Autodiff and Backprop from Scratch

What is Autodiff?

At its core, Autodiff (automatic differentiation) is just a way for a computer to automatically calculate derivatives using the chain rule. It’s the engine that powers backpropagation, the fundamental algorithm in machine learning used to efficiently train artificial neural networks with millions of parameters.

Derivatives and why they matter

Imagine you are baking a cake. If you increase the sugar by a tiny bit, how much sweeter does the cake get? Once you have the answer, you can use it to make better decisions, like adjusting the recipe to get the perfect sweetness. In math, that answer, “rate of change”, is the derivative.

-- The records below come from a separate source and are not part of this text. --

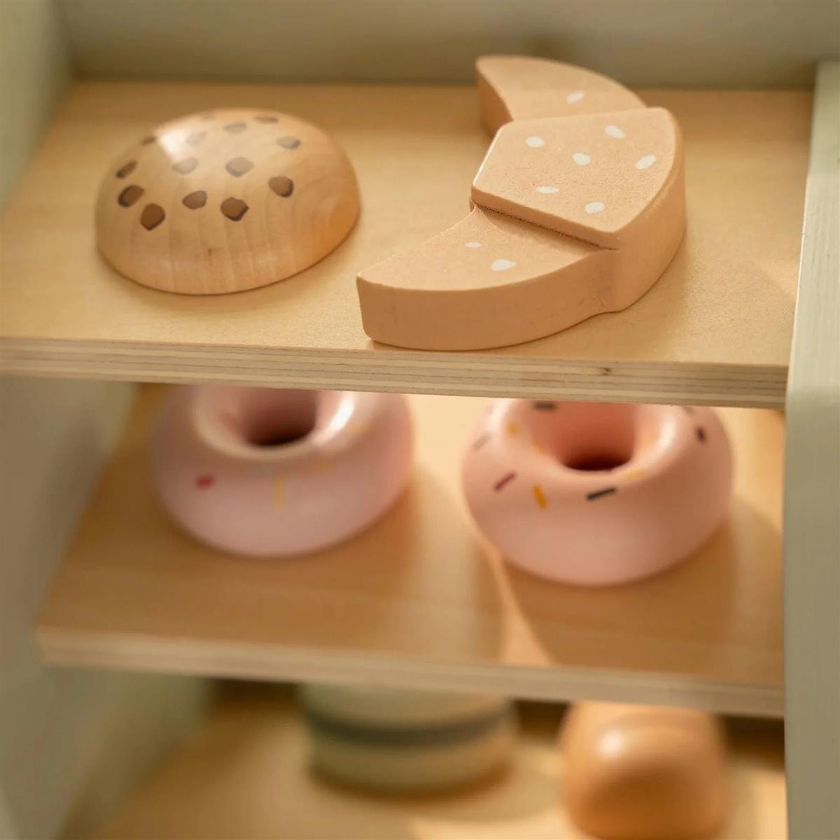 V kompletu so aparat za kavo in čaj, prostor za shranjevanje skodelic ter omarica za razstavljanje vseh “slaščic”. Igra spodbuja domišljijo, ustvarjalnost in socialne veščine, hkrati pa prinaša ure zabave in nežnih trenutkov skupne igre.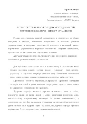 The essence of the notions «management» and «leadership», their common concepts and differences, the urgency and importance of developing managerial leadership skills of students in the primary school are revealed; managerial and leadership abilities of junior schoolchildren and the ways of their development in modern conditions are characterized.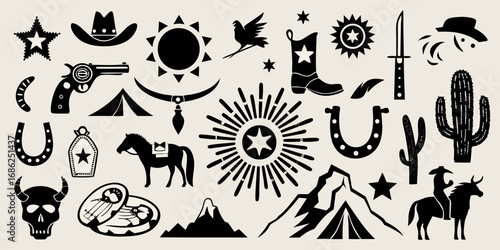 © Sunil123, Naklejka premium Collection of western and cowboy icons in silhouette against a light background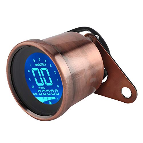 Tachimetro moto universale - Tachimetro retroilluminato LCD moto 12V Contachilometri contagiri (rame rosso)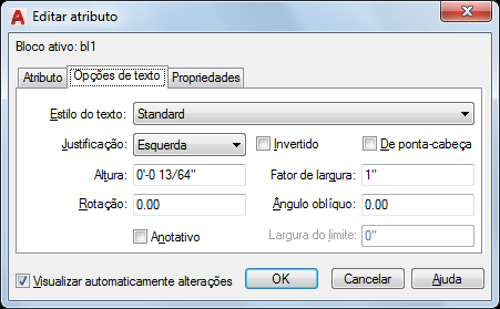 Configura as propriedades que definem a forma como o texto de um atributo é exibido no desenho. Altere a cor do texto do atributo na guia Propriedades.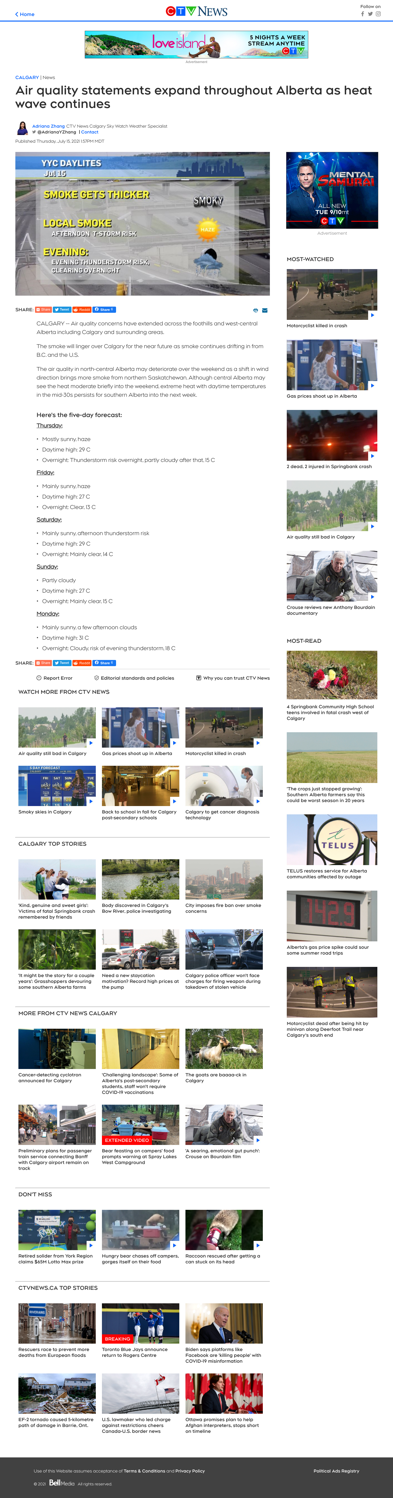 Air quality concerns have extended across the foothills and west-central Alberta including Calgary and surrounding areas.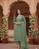 Step into elegance with this premium embroidered green suit set, crafted to bring a graceful and classy ethnic look for every festive and celebration moment. Made from soft, breathable and lightweight fabric, it offers a beautiful drape, comfort, and all-day wearability. The diagonal striped thread embroidery and delicate detailing add a luxurious festive charm to the entire outfit. Perfect for women who prefer subtle, premium and classy Indian wear.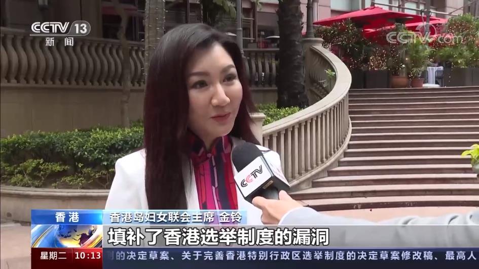 香港島婦女聯會主席 金鈴:「愛國者治港」可以説是填補了香港選舉制度的漏洞,可以説是順民心,得民意。我們看到在國家這樣一個大發展的前提下,「十四五」規劃涉及香港的部分,可以説是佔據了非常重要的部分。我們香港應該好好地把握這樣一個國家的支持,融入國家的發展計劃裏,為香港未來的發展注入活力。
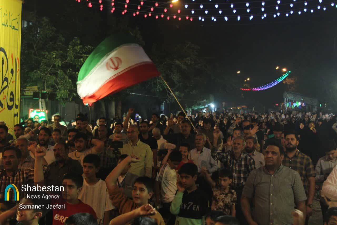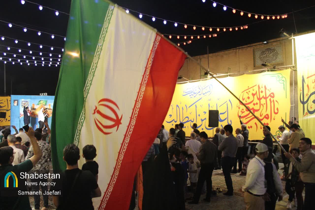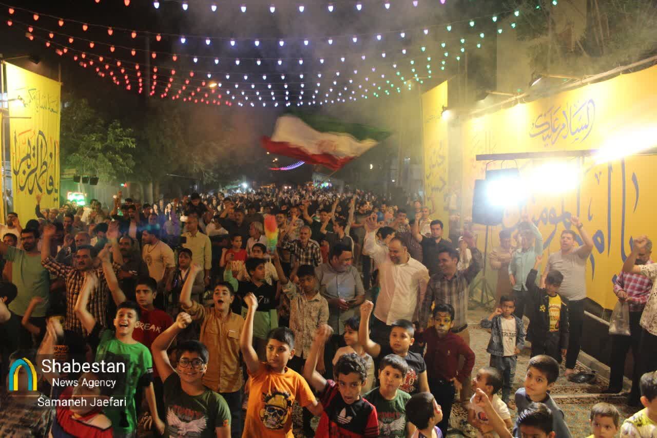 بچه‌های مسجدی در هیات محبان‌المهدی(عج) محله مصطفی خمینی مشهد، امشب جشن بزرگ غدیر را تبدیل به یک حماسه باشکوه کردند و ضمن گرامیداشت یاد شهدای حمله ددمنشانه اسرائیل به ایران، میثاق دوباره ای با ولایت بستند. غریو حیدر حیدر و شعارهای مرگ بر اسرائیل و مرگ بر آمریکا در زمان آغاز پاسخ کوبنده ایران به اسرائیل اوج این رویداد بزرگ بود که با حضور چند هزار نفر از مردم مشهد برگزار شد. این مراسم با اطعام شرکت کنندگان به پایان رسید.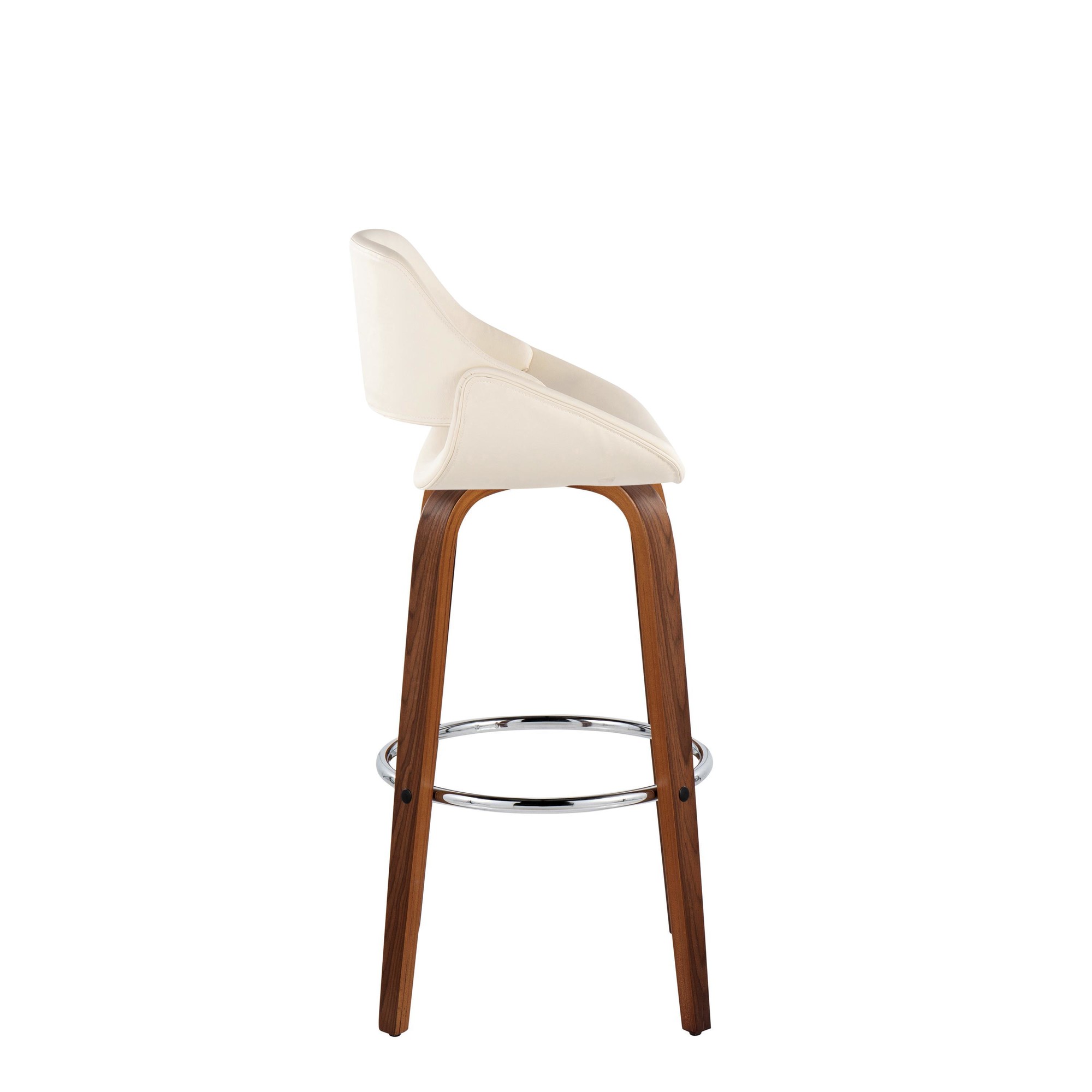 The Fabrico 30 Mid-Century Cream Faux Leather Swivel Barstool invites you to sit back and relax. With its wide, welcoming seat, curved back, and comfortable faux leather upholstery, this barstool is the perfect addition to your man cave bar. The flared wood swivel legs add a touch of mid-century modern style, while the chrome metal footrest provides extra comfort.
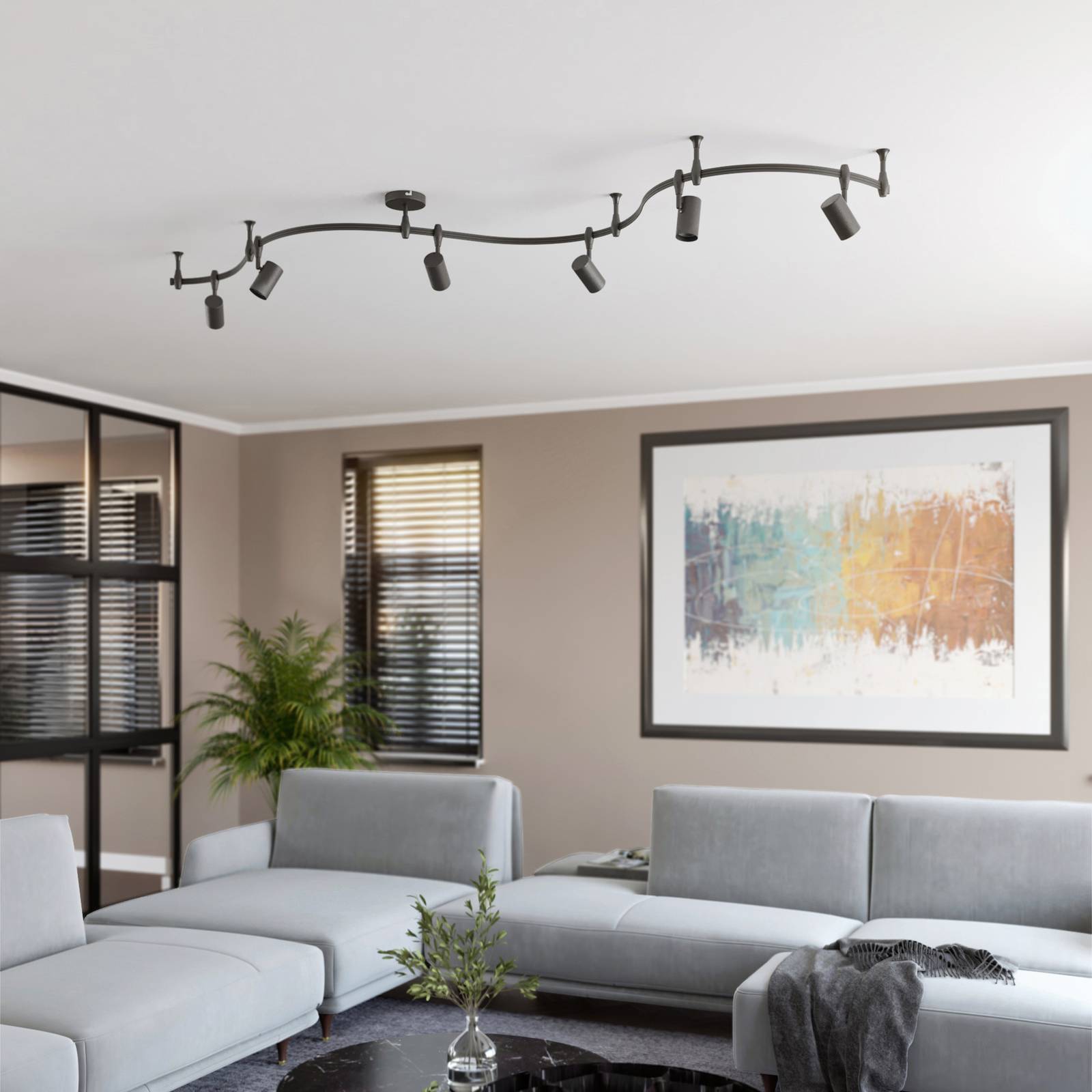 ELC Delila lištový systém, válec, pískově černá, Obývací pokoj / jídelna, ocel, hliník, GU10, 5W, P: 300 cm, L: 12 cm, K: 26cm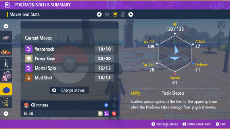 Next, let’s talk about Glimmora’s stats in Pokémon Scarlet and Violet. It has a base stat total of 525, which is excellent for a non-pseudo or legendary Pokémon, and its highest stat by far is Special Attack.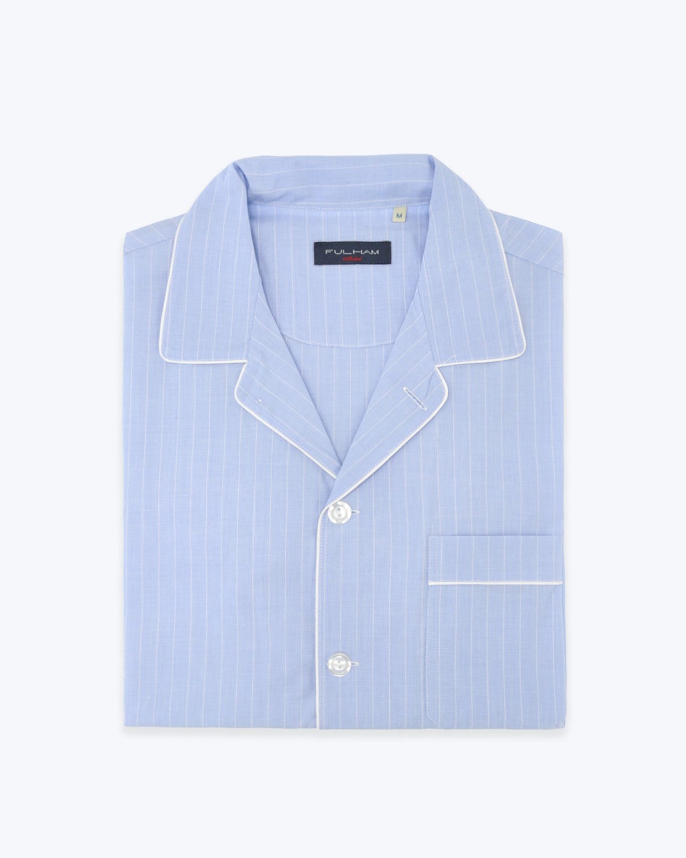 Pyjama à manches longues Fulham en bleu clair avec des rayures blanches.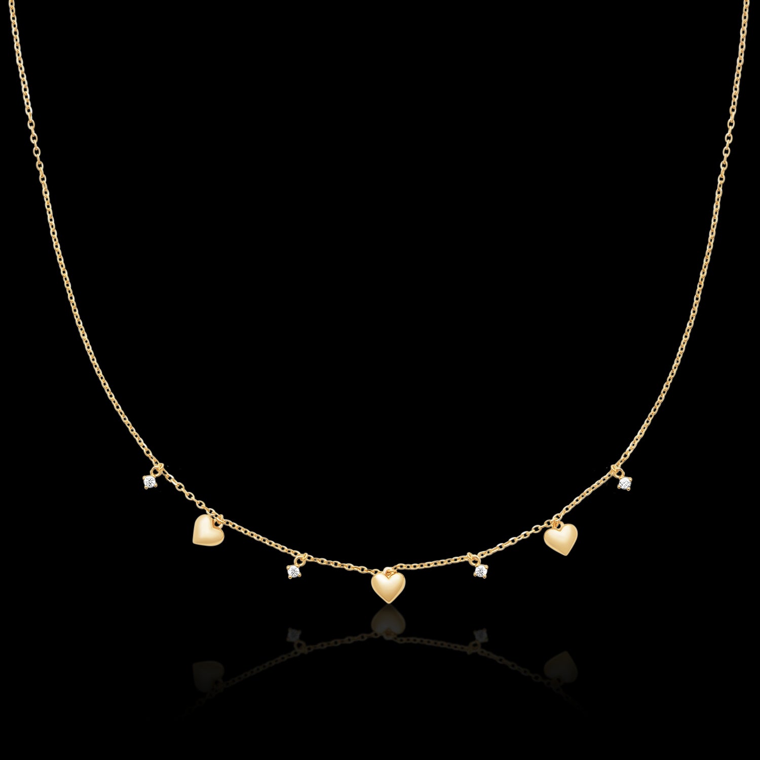 18ct Yellow Gold Plated CZ & Puff Heart Charm Necklace 45cm.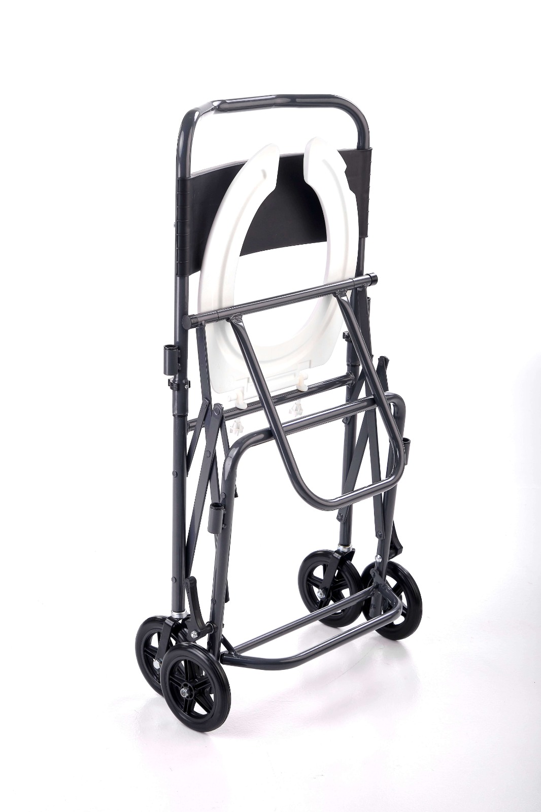 - Apoio de pés escamoteável para melhor posicionamento durante a higiene.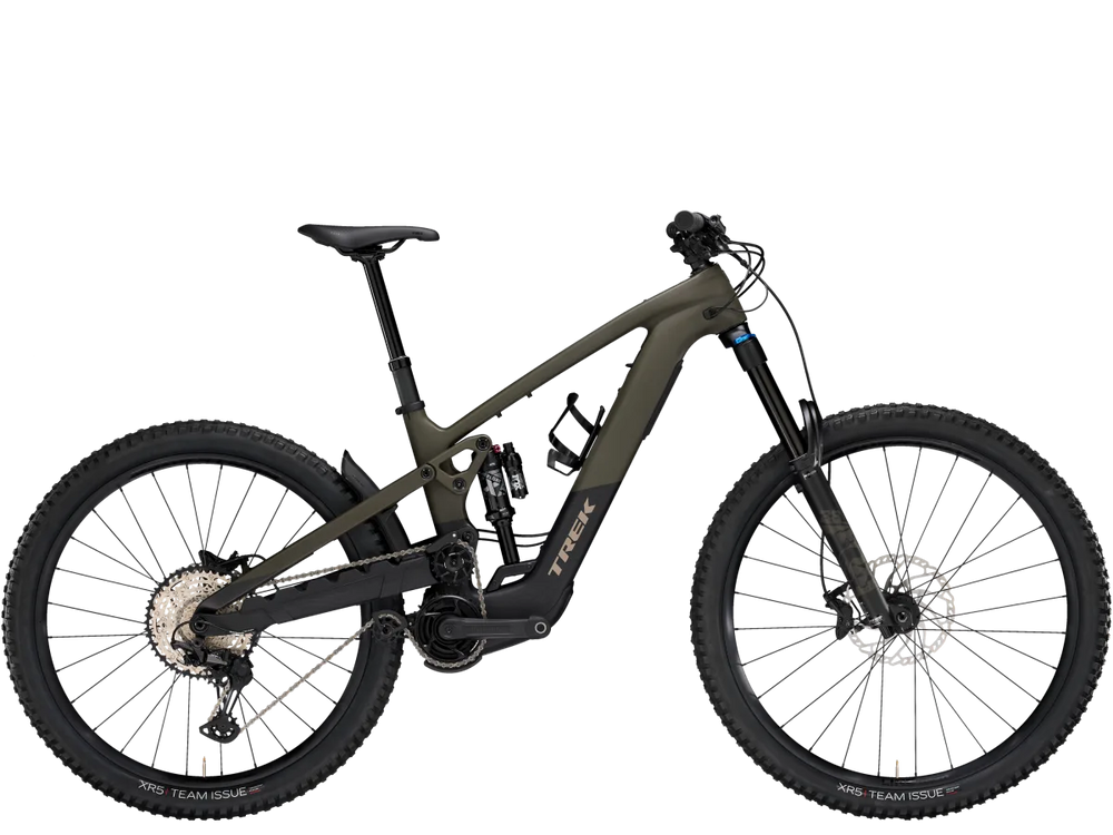 An OCLV Mountain Carbon frame with high pivot suspension and a quiet but mighty TQ HPR50 (50 Nm, 250 W) motor with a 580 Wh battery. 170 mm of front and rear travel from a Fox Rhythm 38 fork with Float EVOL air spring and GRIP damper and a Fox Performance Float X shock. Stiff Bontrager Line Comp 30 Tubeless Ready wheels (29" front, 27.5" rear) for handling the rough, a Bontrager Line dropper post and a Shimano SLX/XT drivetrain.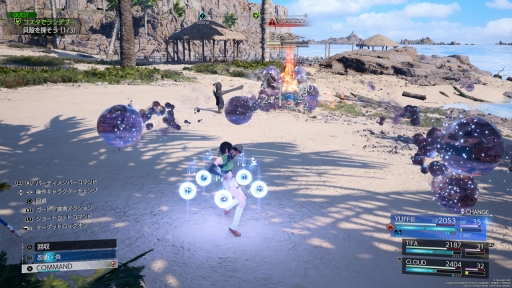 例えばクラウドの「ハウルスマッシュ」ならレッドXIIIと共闘することによって,その場から動かず簡単に遠距離攻撃ができるし,エアリスの「チェンジガード」なら仲間に敵のターゲットを移しつつ自分はそのまま攻撃できる。

In machine learning, we have a “Loss” (how wrong the model is) and we want to know: “If I change this specific weight by a tiny amount, how much does the Loss change?” The answer is the derivative of the Loss with respect to that weight. Once we compute it, we can nudge the weight in the right direction to make the Loss smaller, and over many iterations, minimize the Loss. This is the essence of training a machine learning model.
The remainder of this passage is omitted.